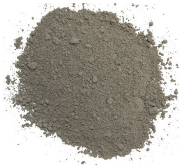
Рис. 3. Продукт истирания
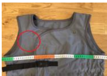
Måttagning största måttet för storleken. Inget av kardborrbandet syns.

######

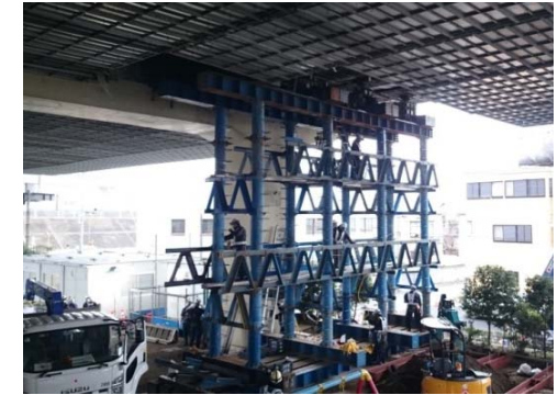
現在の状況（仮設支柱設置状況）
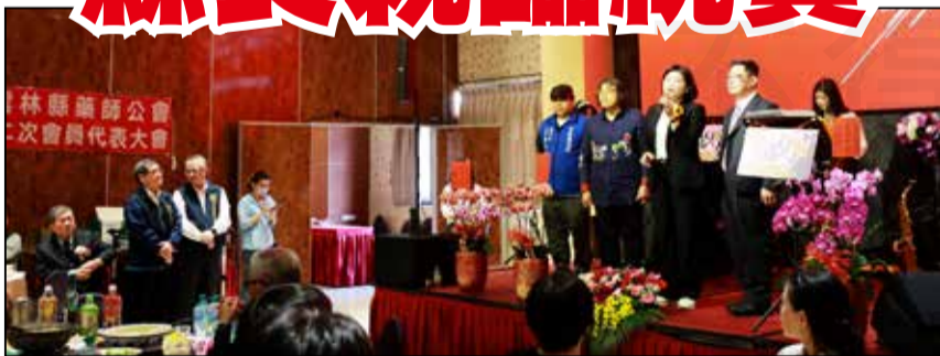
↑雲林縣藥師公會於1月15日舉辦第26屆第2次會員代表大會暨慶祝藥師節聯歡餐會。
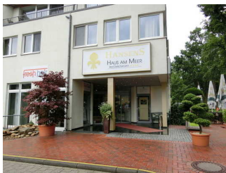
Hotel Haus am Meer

######

Output only the lines above from the one containing "Рис. 3. Продукт истирания" to the one containing "Måttagning största måttet", both included, exactly as written and with no pictures.

Рис. 3. Продукт истирания
Måttagning största måttet för storleken. Inget av kardborrbandet syns.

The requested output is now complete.